TASK DIRECTIONS:
In the records below, find the line containing "Amazon Brand-Solimo Kickstand" and print it and every line after it exactly, through the end. Skip pictures.

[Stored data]

○ ○ ○ ○ ○ ○ ○

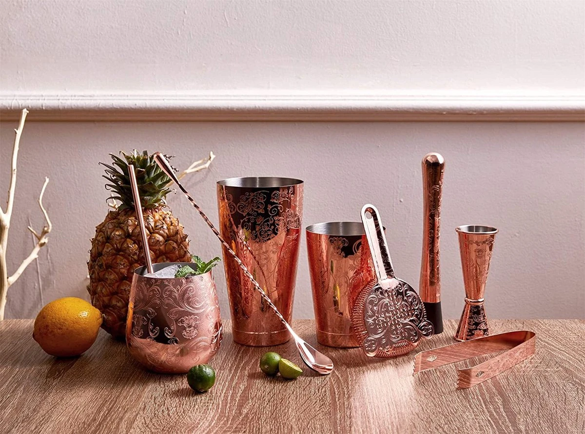 - Design Uniek : le bar avec finition galvanoplastie en cuivre avec motif de gravure vous ramène à l’ Europe médiévale et fait ressortir le héros en vous. Leur look et leur sensation sont tout à fait de premier ordre, qui parlent de grâce et d’élégance à tous points de vue. Cet ensemble de bar est sûr de faire un merveilleux ajout à votre cuisine.
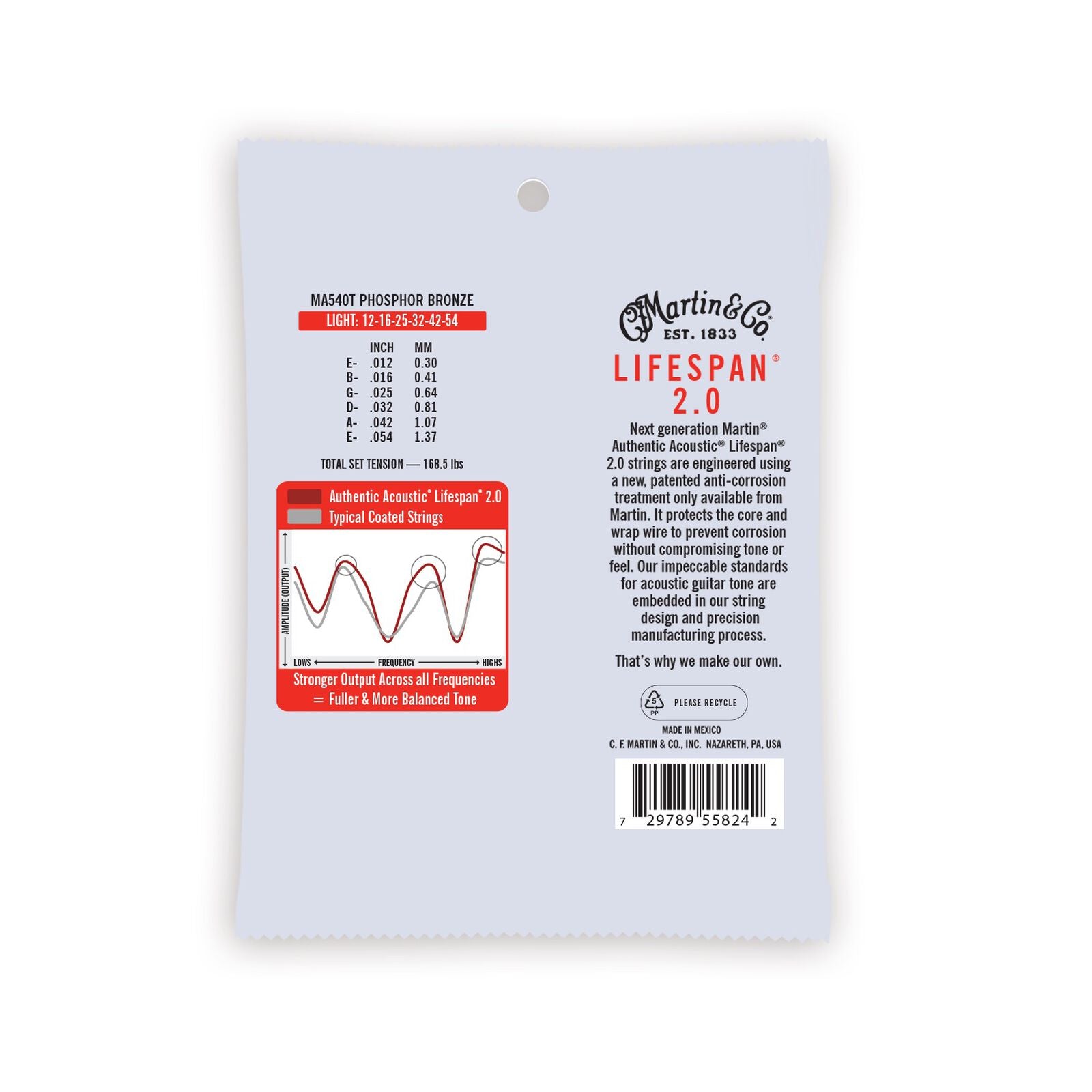 MARTIN Authentic Acoustic Lifespan® 2.0 Guitar Strings Phosphor Bronze Light 12-54
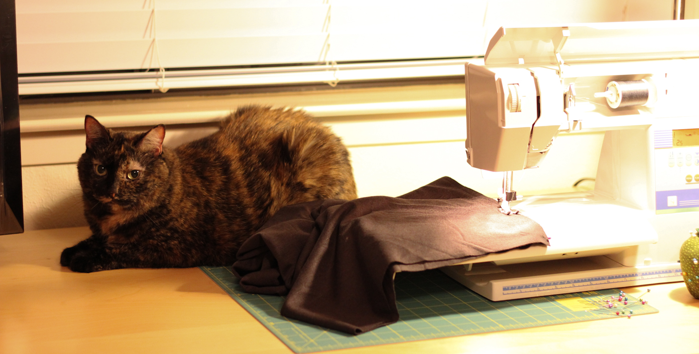Annie the cat helps me sew. Or really just gets in the way.
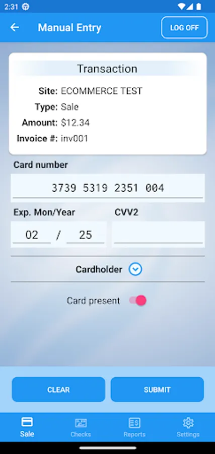 The application works with Ingenico and IDTech readers that can be connected using WiFi, Bluetooth or Audio Jack (Limited to selected phones). Beside that, it also allows a manual keyed transaction entry.
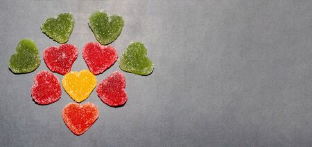Banner. Marmalade multi-colored sweets in the shape of a heart are laid out in the shape of a flower. Marmalade in sugar on a chalk board background. Save space, sweets.
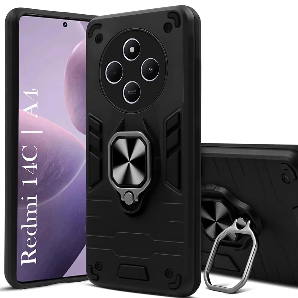Amazon Brand-Solimo Kickstand Mobile Back Cover (360° Rotating Ring Holder) for Mi Redmi A4 5G / 14C 5G / 14R 5G / Poco C75 5G / M7 5G (Black)
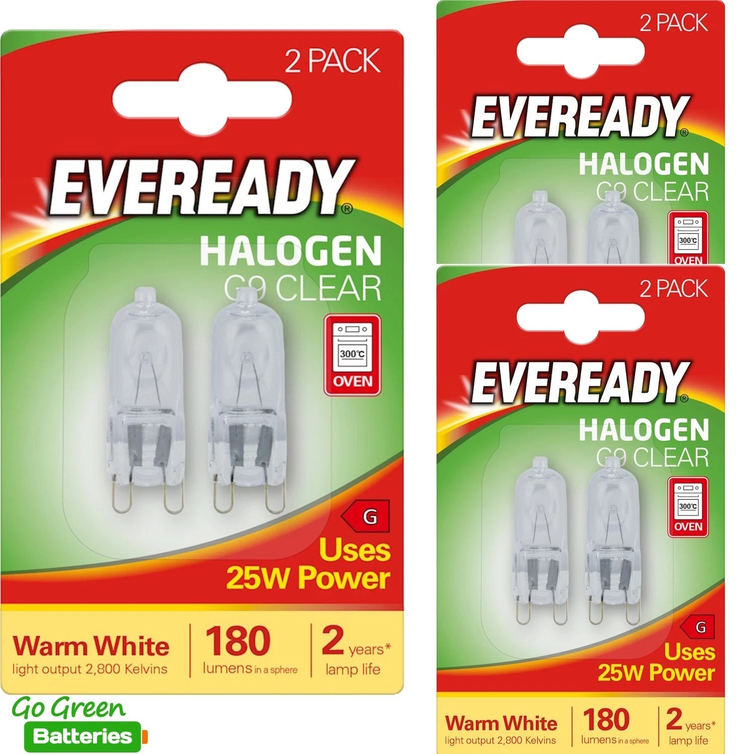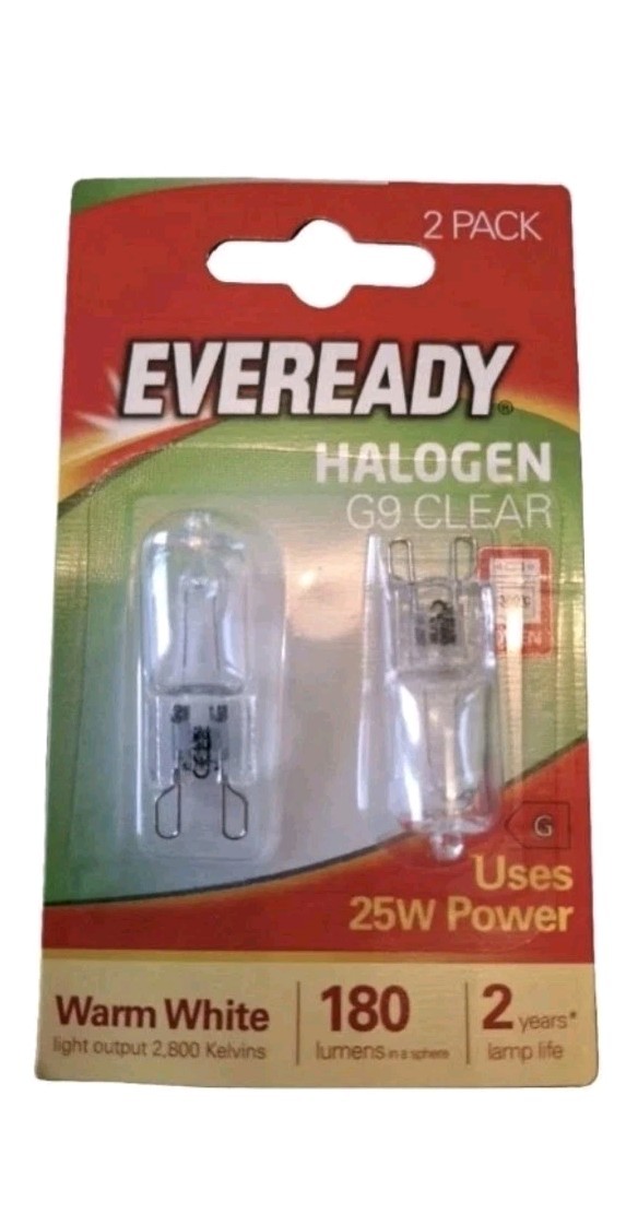 2x EVEREADY G9 Eco 25w Halogen Bulb 250 Lumen Clear Capsule Lamp Oven Wax Burner
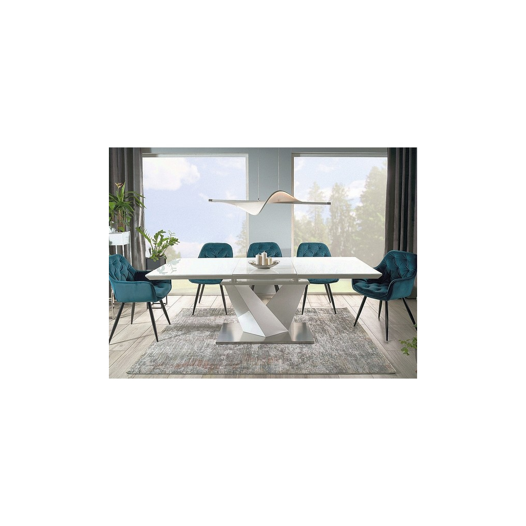 Rozkládací jídelní stůl Alaras III poskytne mnoho prostoru vám i vašim blízkým. Neobvyklou kombinací materiálů skla, dřeva a kovu bude designovou ozdobou vaší jídelny.
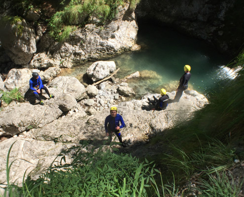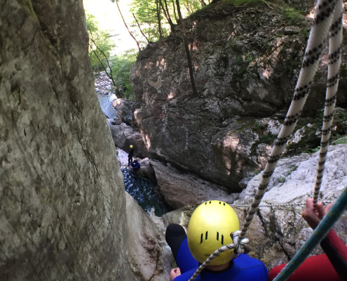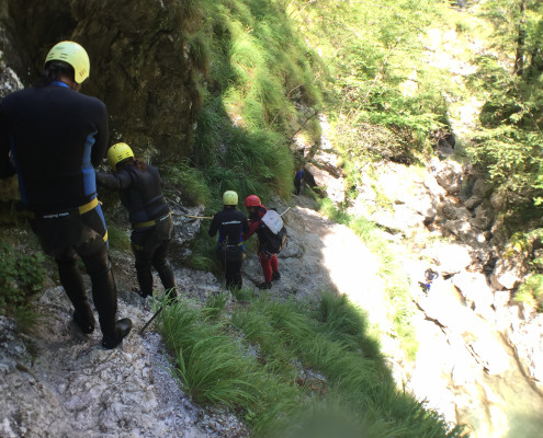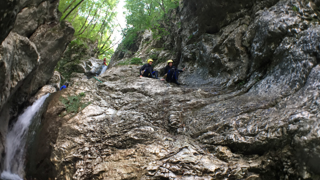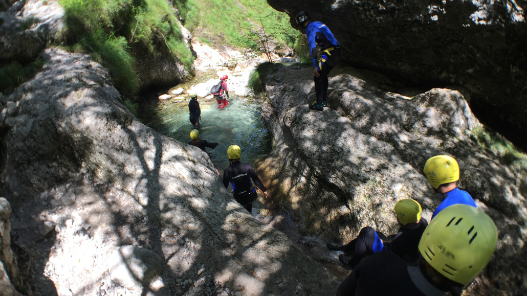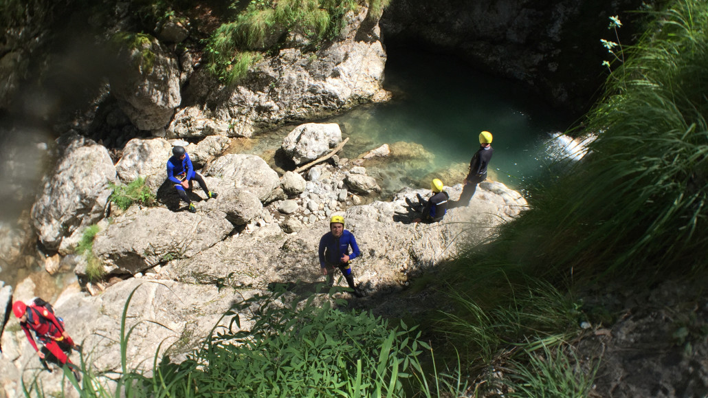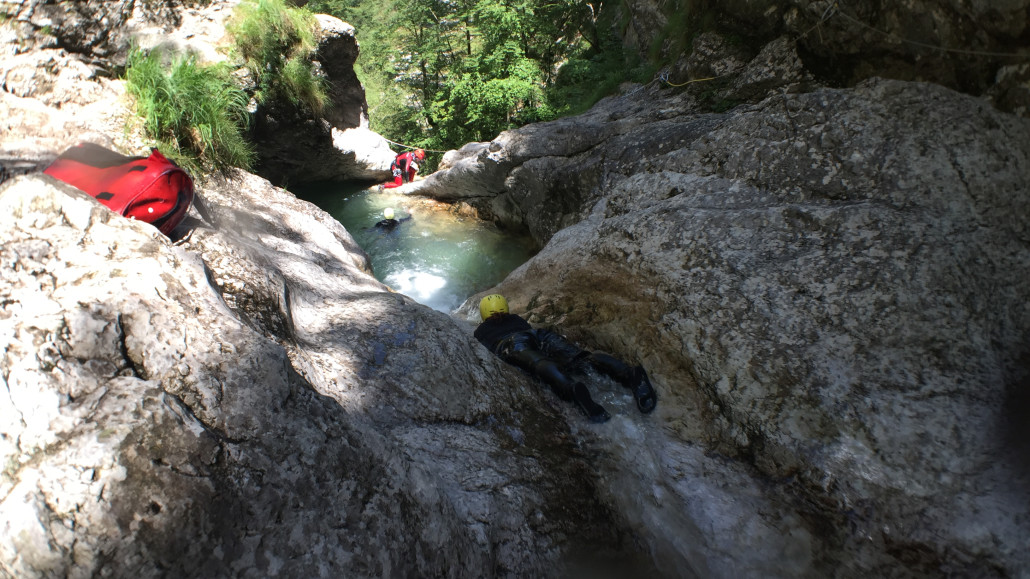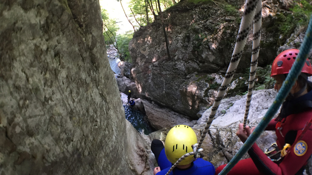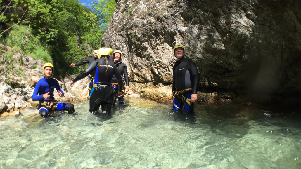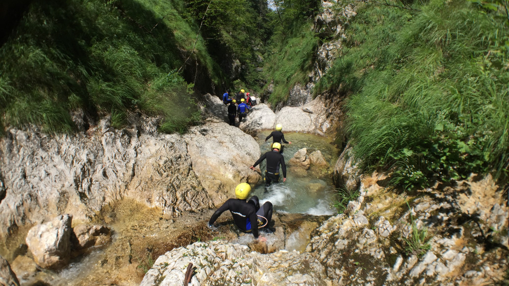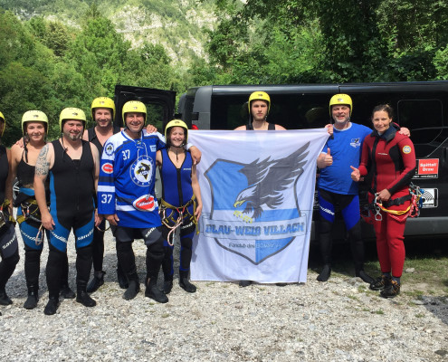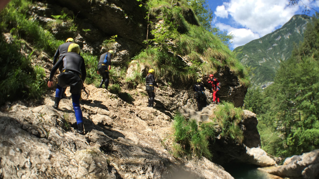 Im Zuge unseres Sommerprogramms ging es am 16. Juli 2017 für einige Blau-Weiß Villach Mitglieder ins schöne Sočatal nach Slowenien zum Canyoning. Nach einstündiger Fahrt durch Italien und über den Predilpaß erreichten wir schlußendlich das Raftingcamp in Srpenica. Dort fassten wir unsere Ausrüstung aus und fuhren zum Startpunkt der Tour. 30 Minuten sollte unser Aufstieg durch Wald und über schmale Wege zu unserem Einstiegspunkt in den Fluß Sušec sein. Die letzten Einzelheiten wurden besprochen und wir erhielten noch einige Anweisungen unseres Guides bevor es los ging…aber seht selbst…:)

○ ○ ○ ○ ○ ○ ○

TASK RESULT:
Amazon Brand-Solimo Kickstand Mobile Back Cover (360° Rotating Ring Holder) for Mi Redmi A4 5G / 14C 5G / 14R 5G / Poco C75 5G / M7 5G (Black)
 2x EVEREADY G9 Eco 25w Halogen Bulb 250 Lumen Clear Capsule Lamp Oven Wax Burner
 Rozkládací jídelní stůl Alaras III poskytne mnoho prostoru vám i vašim blízkým. Neobvyklou kombinací materiálů skla, dřeva a kovu bude designovou ozdobou vaší jídelny.
 Im Zuge unseres Sommerprogramms ging es am 16. Juli 2017 für einige Blau-Weiß Villach Mitglieder ins schöne Sočatal nach Slowenien zum Canyoning. Nach einstündiger Fahrt durch Italien und über den Predilpaß erreichten wir schlußendlich das Raftingcamp in Srpenica. Dort fassten wir unsere Ausrüstung aus und fuhren zum Startpunkt der Tour. 30 Minuten sollte unser Aufstieg durch Wald und über schmale Wege zu unserem Einstiegspunkt in den Fluß Sušec sein. Die letzten Einzelheiten wurden besprochen und wir erhielten noch einige Anweisungen unseres Guides bevor es los ging…aber seht selbst…:)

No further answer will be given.